What needs transcribing is the line with "Угловой диван Босс" and every line after it to the end of the records, exactly and alone, with no pictures.

──────── LISTED ENTRIES

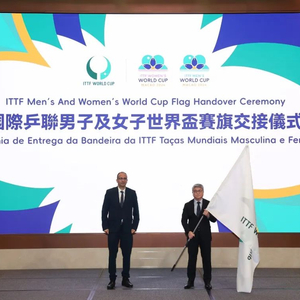 澳门特区政府体育局日前举办新闻发布会,宣布2024年澳门国际乒联男子及女子世界杯将于4月15日至21日在澳门举行。发布会上,国际乒联副秘书长穆尼尔·巴萨向澳门特区政府体育局局长潘永权移交了世界杯会旗。
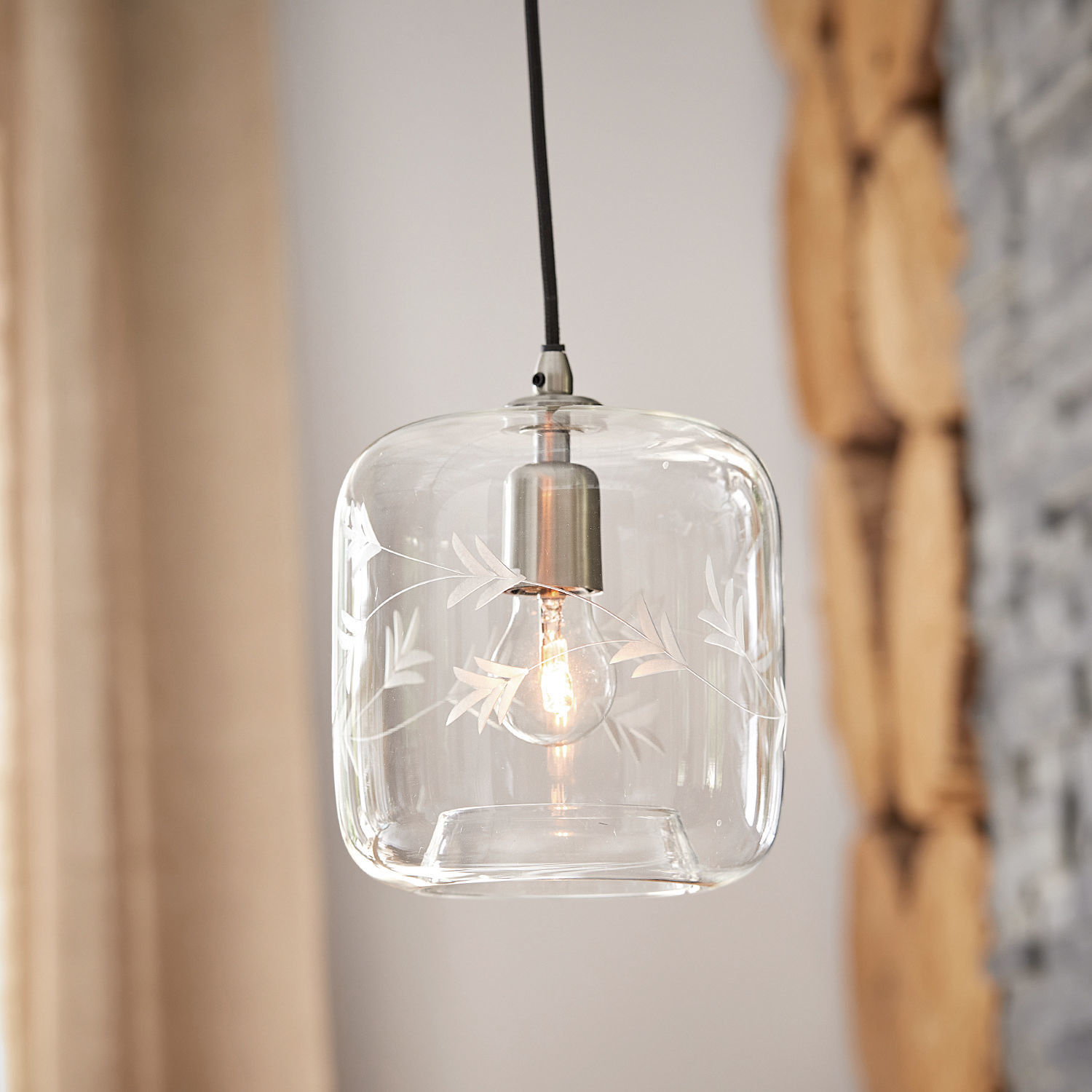 Für den Charakter und die Ausstrahlung eines Interieurs ist neben der Möblierung vor allem eines ausschlaggebend: die Beleuchtung, für die wir uns entscheiden. Dabei bestimmt die Lichtfarbe, wie hell oder gemütlich es im Umfeld einer Leuchte ist, während ihr Design unseren ganz persönlichen Stil ausdrückt. Diese edle Hängelampe beherrscht eindeutig das Spiel der leisen Töne. Verwöhnt sie ihren Betrachter doch mit ihrem schlichten, sanft gerundeten Lampenschirm aus Klarglas. Dieser allerdings schmückt sich wirkungsvoll mit einem kunstvollen, filigran wirkenden Schliff aus floralen Elementen, die sich verspielt um die Mitte der gläsernen Form ranken. Auf diese Weise zaubert die Hängelampe ein besonders angenehmes Lichtspiel in den Raum und macht sie auch am Tag zum attraktiven Blickfang. Ganz gleich also, ob Sie dieses erlesene Stück über Ihrem Esstisch wirken lassen wollen, es über dem Couchtisch strahlen darf oder das Schlafzimmer oder der Flur sein Bestimmungsort sein soll – Sie werden den Anblick dieser exquisiten Hängelampe jeden Tag aufs Neue genießen. Befestigt wird die Lampe mit Hilfe einer schönen Eisenfassung an der Decke, so dass sie im Dunkeln im Raum zu schweben scheint.
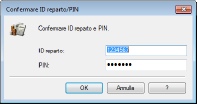 [Confermare ID reparto/PIN durante la stampa]
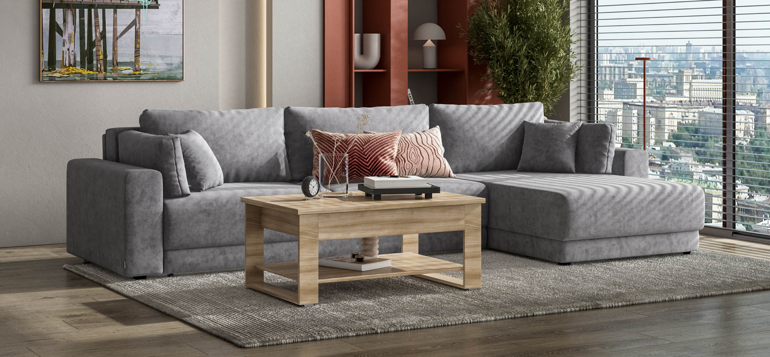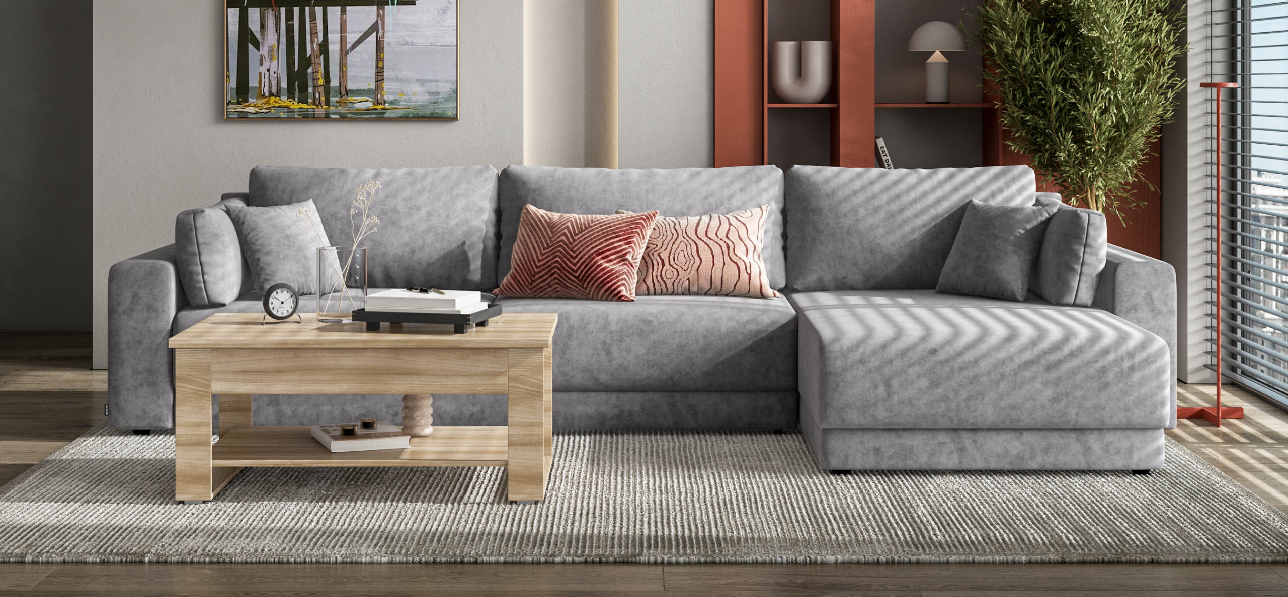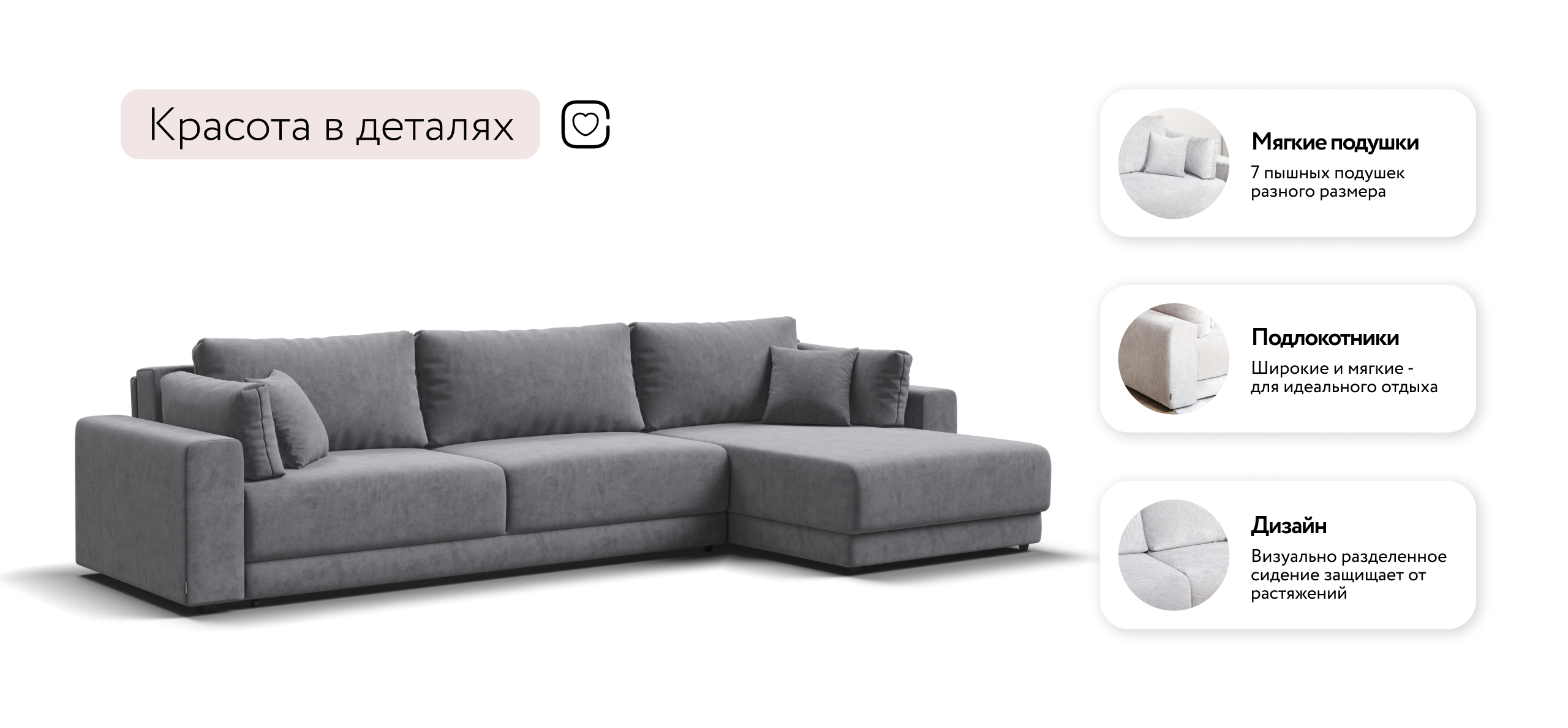 Угловой диван Босс Прайм Макс - это сочетание современного дизайна и продуманной эргономики, создающее уютную атмосферу в любом интерьере. Визуально разделённое сиденье, широкие мягкие подлокотники и пышные подушки разного размера обеспечивают не только эстетическую привлекательность, но и максимальный комфорт.
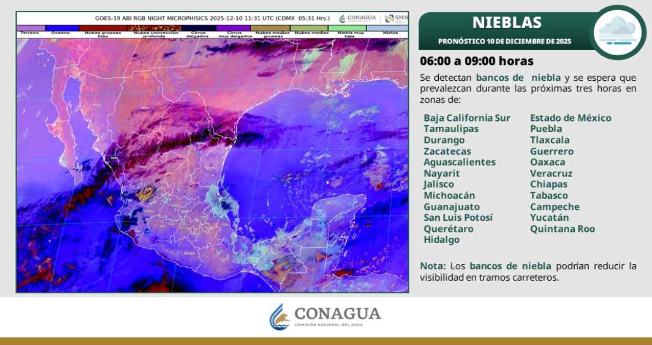 En Tamaulipas, el pronóstico indica cielo parcialmente nublado y sin lluvia. Por la mañana se espera ambiente frío con heladas en zonas altas de Veracruz y condiciones frescas a templadas en el resto del litoral, acompañado de bancos de niebla. Por la tarde, el ambiente será templado a cálido, con viento del este y noreste de 10 a 20 km/h y rachas de 30 a 50 km/h en Tamaulipas.

────────────────

● OUTPUT:
 Угловой диван Босс Прайм Макс - это сочетание современного дизайна и продуманной эргономики, создающее уютную атмосферу в любом интерьере. Визуально разделённое сиденье, широкие мягкие подлокотники и пышные подушки разного размера обеспечивают не только эстетическую привлекательность, но и максимальный комфорт.
 En Tamaulipas, el pronóstico indica cielo parcialmente nublado y sin lluvia. Por la mañana se espera ambiente frío con heladas en zonas altas de Veracruz y condiciones frescas a templadas en el resto del litoral, acompañado de bancos de niebla. Por la tarde, el ambiente será templado a cálido, con viento del este y noreste de 10 a 20 km/h y rachas de 30 a 50 km/h en Tamaulipas.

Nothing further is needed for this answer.